Meinung/Kolumnen/GesMBH

Kunstfehler

Er lächelte gelöst, nahm auf einem Podestchen Platz und schrieb Autogramme, als gäbe es kein Morgen.

Karl Hohenlohe
über Kunstfehler

Vor der Buchhandlung „Frick“ am Graben hatte sich eine lange Reihe gebildet. Die Menschen warteten geduldig, die Zeit schien außer Kraft gesetzt und eine fröhliche Grundstimmung lag in der Luft.

Ich war zufällig des Weges gekommen und erkundigte mich nach dem Ursprung der Glückseligkeit. „ Gottfried“, riefen die Menschen, „Gottfried Helnwein.“

Ich bin ein großer Verehrer von Herrn Helnwein, aber der Gedanke, mich jetzt ganz hinten in der Schlange einzureihen, ließ mich zaudern und ich fühlte mich auf einmal so, wie er andere zeichnet.

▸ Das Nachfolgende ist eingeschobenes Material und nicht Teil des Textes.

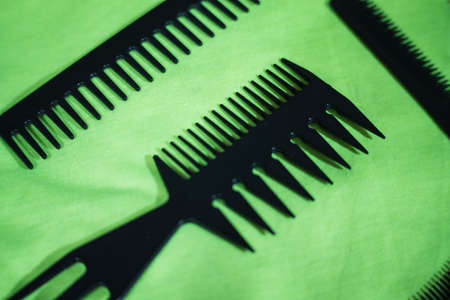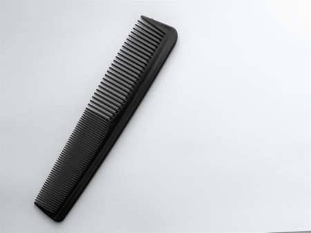black plastic comb with frequent and sparse teeth, barber tool isolate on white background, dark household personal hygiene object on light surface

Dann ging plötzlich alles wahnsinnig schnell. Auf einmal kam Unruhe in die Reihe, Menschen scherten aus, lachten, strahlten, ein untrügliches Zeichen für das Erscheinen von Herrn Helnwein.

Da war er – Kopftuch, Brille, Nase – ganz er selbst. Er lächelte gelöst, nahm auf einem Podestchen Platz und schrieb Autogramme, als gäbe es kein Morgen. Erneut dachte ich über eine Einreihung nach und ob ich gegebenenfalls um eine kleine Zeichnung bitten sollte, die ich dann gewinnbringend veräußern würde.

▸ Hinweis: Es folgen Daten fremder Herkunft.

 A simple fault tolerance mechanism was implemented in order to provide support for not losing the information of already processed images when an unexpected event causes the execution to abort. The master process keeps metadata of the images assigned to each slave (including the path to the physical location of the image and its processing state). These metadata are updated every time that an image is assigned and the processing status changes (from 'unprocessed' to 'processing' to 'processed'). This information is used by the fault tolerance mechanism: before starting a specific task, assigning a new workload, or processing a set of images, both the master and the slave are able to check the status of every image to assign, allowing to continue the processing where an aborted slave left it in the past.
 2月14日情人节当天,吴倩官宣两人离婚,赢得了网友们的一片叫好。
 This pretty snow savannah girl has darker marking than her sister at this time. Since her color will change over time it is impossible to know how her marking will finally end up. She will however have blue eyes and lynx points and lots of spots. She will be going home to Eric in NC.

In diesem Moment trat ein Herr auf mich zu, hielt mir ein Helnwein-Buch und eine Füllfeder entgegen und sagte: „Bitte.“

Ich griff zur fremden Feder, mit der ich mich nun schmücken sollte, kritzelte das Strichgesichti eines Sechsjährigen mit Pinsch in BE in das Buch und fälschte das Kunstwerk mit der Unterschrift von Gottfried Helnwein.

Der Autogrammjäger blickte irgendwie betroppezt. Nun muss ich mich fragen, habe ich mehr Herrn Helnwein geschadet oder mir?